Open kilin-s opened 6 years ago
Sorry you are having trouble. Can you describe what you mean by getting stuck? What is the behavior you observe before you restart it?
i see errors in prometheus-sql log
[metric_name] 2018/01/25 09:37:56 Post http://sql-agent.sql-agent.renv-0043.rancher-test.domain.ru:5000: net/http: request canceled (Client.Timeout exceeded while awaiting headers)

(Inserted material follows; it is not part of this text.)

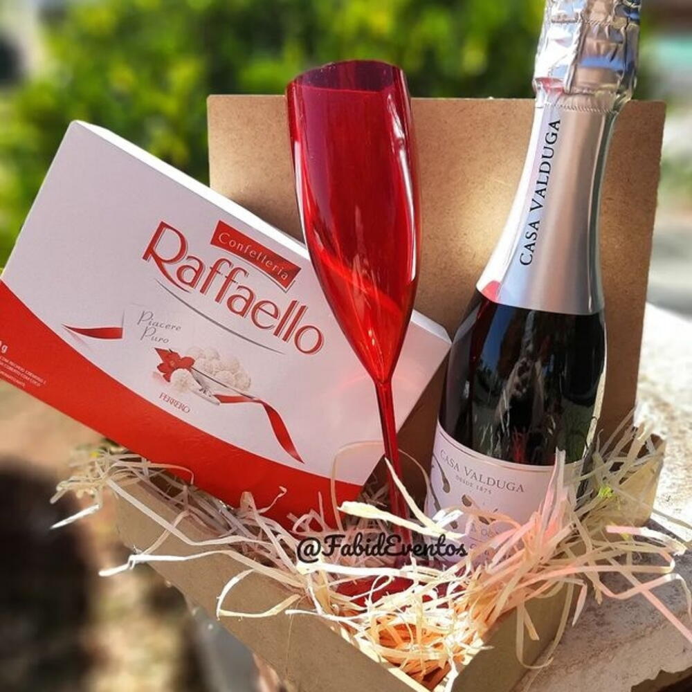 caixa em mdf com tampa - 1 un. chandon baby 175ml - 1 un. caixa rafaello 10un - 1 un. taça champanhe - 1 un.

[metric_name] 2018/01/25 09:37:56 Backing off for 5m0s
When i try send request by curl i don't receive any responce.
Have you tried curling against sql-agent directly? Can you confirm is it is not a DNS/port issue?
yes i tried curling directly and don't get responce, but port is open and i can connect to it by telnet. I think problem between sql-agent and postgres.
requests from prometheus-sql reach the sql-agent but not reach the postgres.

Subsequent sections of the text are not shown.